"I got you the only light-tight room at the Motel 6," says Pam with a smirk, when she pulls up at the courthouse in the corvette an hour later. "It's all that was available in Bon Temps. Changed your mind yet?"

"It will be fine," says Eric, waiting for Pam to slide over so that he can take the wheel. She does so after a moment of pouting. "Call Chow and tell him to arrange for vampire security at the Bon Temps sheriff's office. I don't want anyone interfering with the girl before the trial is over."

Pam shoots him a sidelong look, then pulls out her cell phone to make the call. Eric drives them to the motel, keeping silent, his thoughts churning in his head.

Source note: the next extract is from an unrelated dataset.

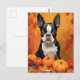 A Colourful autumn and thanksgiving portrait of a Boston Terrier.

She's dead if I don't keep her alive, he thinks. She'll see that soon enough, she isn't stupid. Then she will yield to me. Her hair is like sunlight reflected on snow. She should wear reds-rubies set in gold, brushed cottons that gleam like velvet. And velvet too, of course. I will give her luxuries she has not dreamed of. Though she may reject them-it would be better if she did not feel indebted. She is very proud-she is one to be earned, not bought. No matter; I will win her in the end.

He arrives at the motel too soon, long before he has managed to settle his troubled thoughts. The place is a shithole, just as he expected, but he's slept in worse locations. At least there are no lice. Well, probably no lice.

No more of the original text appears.